_What you have to do:_
Copy out the whole listing exactly as written, leaving the pictures behind.

_Information shown:_
________________
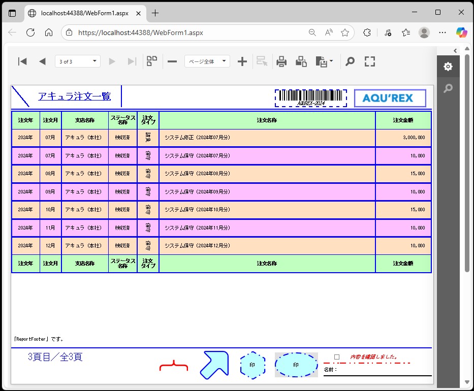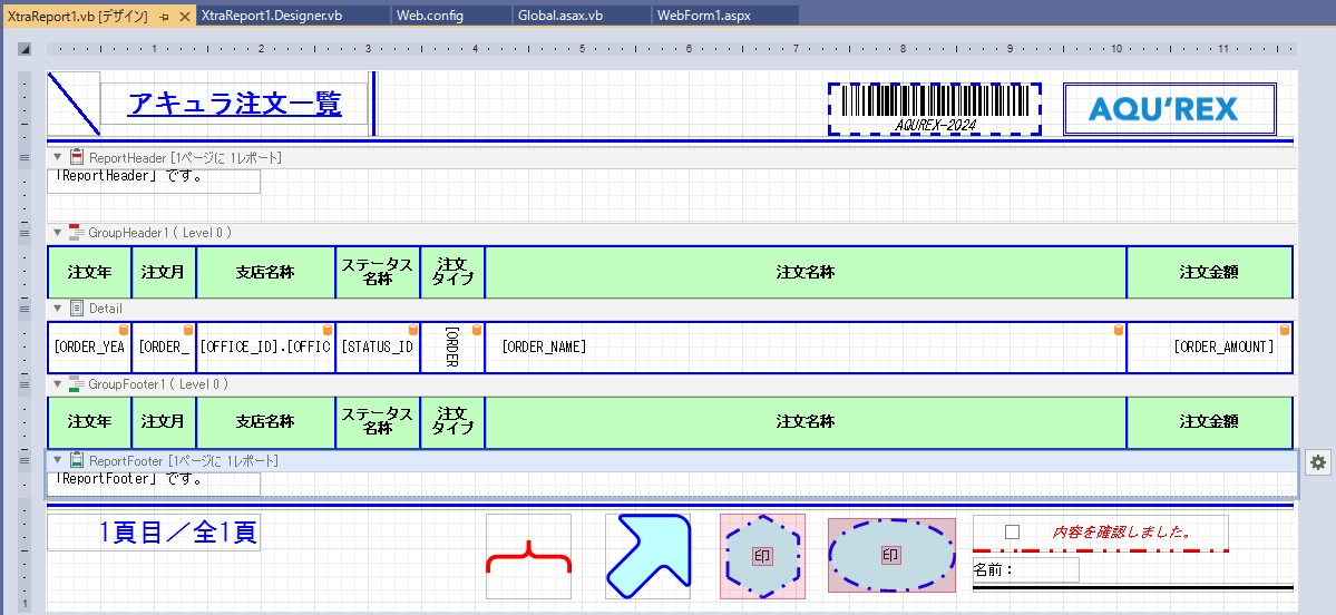 DevExpress での一覧、帳票等のレポート(ASPxWebDocumentViewer)の「ReportFooter」下段位置設定のサンプルです。
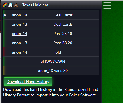 - Download hand histories in Standardized Hand History Format
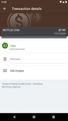 Add Tags, Notes, Images & Geo-Information: By enhancing transactions with custom tags, notes or photos of a receipt or check, you have the ability to stay organized and find exactly what you're looking for when searching through your finances.
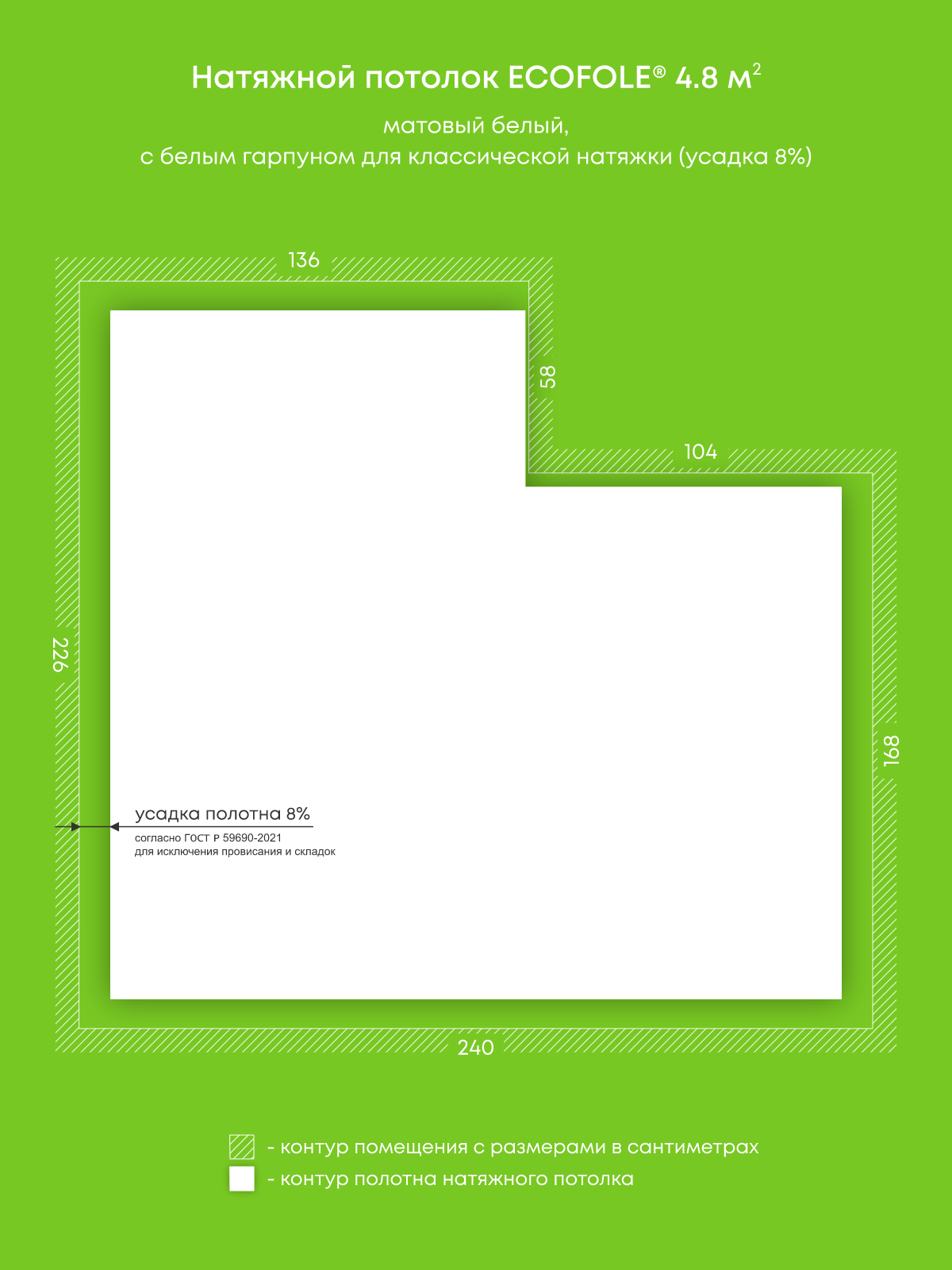 Натяжной потолок белый матовый, изготовленный по индивидуальным размерам покупателя, для помещения площадью 4.8 м2
________________
_Solution to this task:_
 DevExpress での一覧、帳票等のレポート(ASPxWebDocumentViewer)の「ReportFooter」下段位置設定のサンプルです。
 - Download hand histories in Standardized Hand History Format
 Add Tags, Notes, Images & Geo-Information: By enhancing transactions with custom tags, notes or photos of a receipt or check, you have the ability to stay organized and find exactly what you're looking for when searching through your finances.
 Натяжной потолок белый матовый, изготовленный по индивидуальным размерам покупателя, для помещения площадью 4.8 м2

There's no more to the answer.